Confiner la répression

Le 1er Mai avait déjà sonné comme un rappel : ce jour-là, à Montreuil, la police, avec des dizaines de cars, avait nassé et contrôlé des dizaines de manifestantEs et même les membres de la brigade de solidarité populaire qui distribuait de la nourriture gratuitement ; dans les 18e et 20e arrondissements parisiens, les timides rassemblements avaient été empêchés par un déploiement policier disproportionné, les identités des manifestantEs relevées, donnant lieu ensuite à une pluie d’amendes… Le lundi 11 mai, la chaîne humaine contre les violences policières à L’Île-Saint-Denis (93) n’a pas pu avoir lieu, au vu de l’intervention policière massive pour l’en empêcher. Dernier épisode (mais il va y en avoir d’autres, n’en doutons pas), la mise en garde à vue pour « rébellion » samedi dernier à Strasbourg d’un militant du NPA pourtant tout à fait pacifique, coupable sans doute d’être présent à un rassemblement avec une pancarte revendicative…

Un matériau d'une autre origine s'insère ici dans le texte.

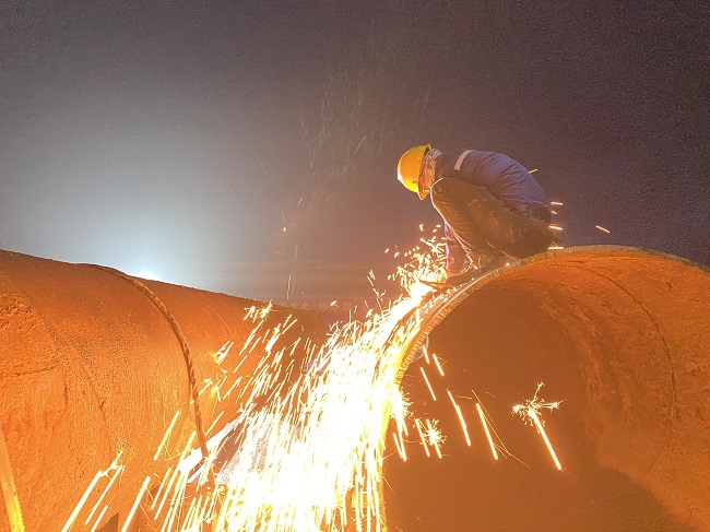 為了保證后期主塔和上橫梁施工的順利往前推進(jìn),在管樁加工安裝之前,項目部對現場(chǎng)的施工技術(shù)人員進(jìn)行了詳細的技術(shù)交流和交底。項目部全體員工發(fā)揚連續作戰精神,全力奮戰在施工一線(xiàn),鼓足干勁,搶抓工期。施工現場(chǎng),白天機械轟鳴,夜晚挑燈夜戰,參建人員放棄休息,不畏艱難,爭分奪秒,以流水作業(yè)的方式進(jìn)行鋼管樁的連接、拼裝和連接系的加工、安裝等工作。同時(shí),項目部備足了物資、機具、材料以及充足的防暑食品及藥物,安排專(zhuān)人負責協(xié)調,保障職工的身體健康,為現場(chǎng)施工保駕護航。

Tout cela n’est que le sommet d’un iceberg qui est donc là pour nous rappeler que l’état d’urgence prétendument sanitaire décrété par Macron et son gouvernement, et prolongé jusqu’au 23 juillet, est avant tout un état d’urgence tout court : la volonté d’un contrôle généralisé au nom du risque sanitaire, par un renforcement de la présence policière et le redéploiement de toute une panoplie de dispositifs de surveillance déjà connus (vidéosurveillance et drones) comme nouveaux (concernant par exemple le « tracking »). Et les 20,7 millions de contrôles effectué par les « forces de l’ordre » ces deux derniers mois, les plus d’un million de contraventions dressées (essentiellement pour défaut d’attestation de déplacement...), préparent les esprits à la mise en place progressive d’un ordre où les libertés publiques – à commencer par celle de circuler – peuvent être remise en cause si on laisse faire le gouvernement.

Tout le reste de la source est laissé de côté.